The building is organized as four connected three-story wings pinwheeling around a central elevated courtyard. Barnum Tower, a monumental rotunda, serves as the main entrance to the new building. From the outside, you will notice that the new building's facades echo the monumental arcades of the school's existing complex and its roof line aligns with those of the surrounding buildings, creating a visually united law school campus.

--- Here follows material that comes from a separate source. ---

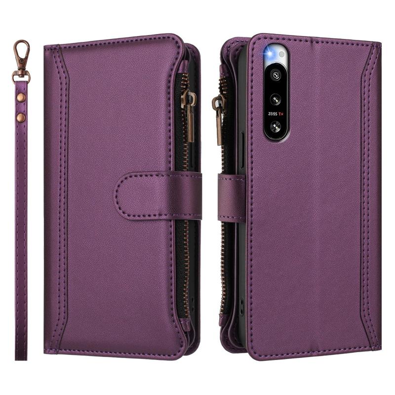 For Sony Xperia 5 IV Magnetic Closure 9 Card Slots Zipper Leather Case with Hand Strap(Purple)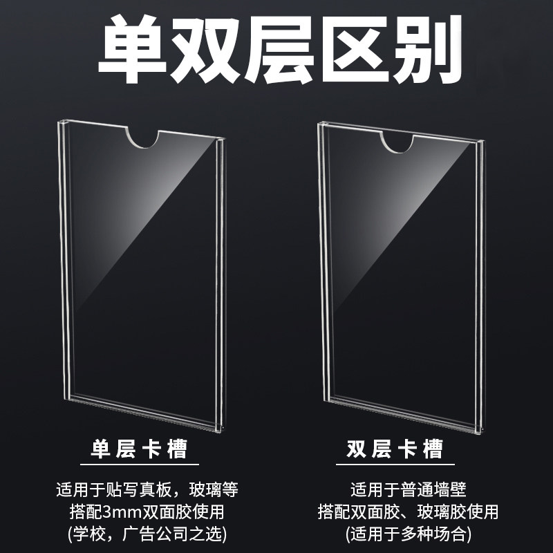 Double layer transparent acrylic plate A4 card slot organic glass plate property Intermediary Billboard Propaganda Display Case Slot

Buoyed by a lead gift from William H. Neukom '67, Stanford Law School worked with Ennead Architects to develop a physical campus plan for our most valuable assets and resources: our faculty and students. The new academic building is efficient, smart, flexible, welcoming, and value-engineered to reduce its overall environmental impact. The structure was built to satisfy the equivalent of a LEED Gold Certification by meeting key sustainability requirements in the areas of site planning; water management; energy use; materials, resources, and waste; indoor environmental quality; and innovation and design. For example, the new building uses 30 percent less energy than code requires through sophisticated control systems, ceiling fans, efficient glass, and ventilation, as well as an exterior trellis designed to maximize shade. Built for the long term, the structure complements the existing campus and reflects the law school's vision for the future. Interior and exterior spaces encourage collaboration and interaction, providing easy, convenient communication among and between students and faculty. Quiet areas for research, writing, and small group projects also have been integrated into the building design.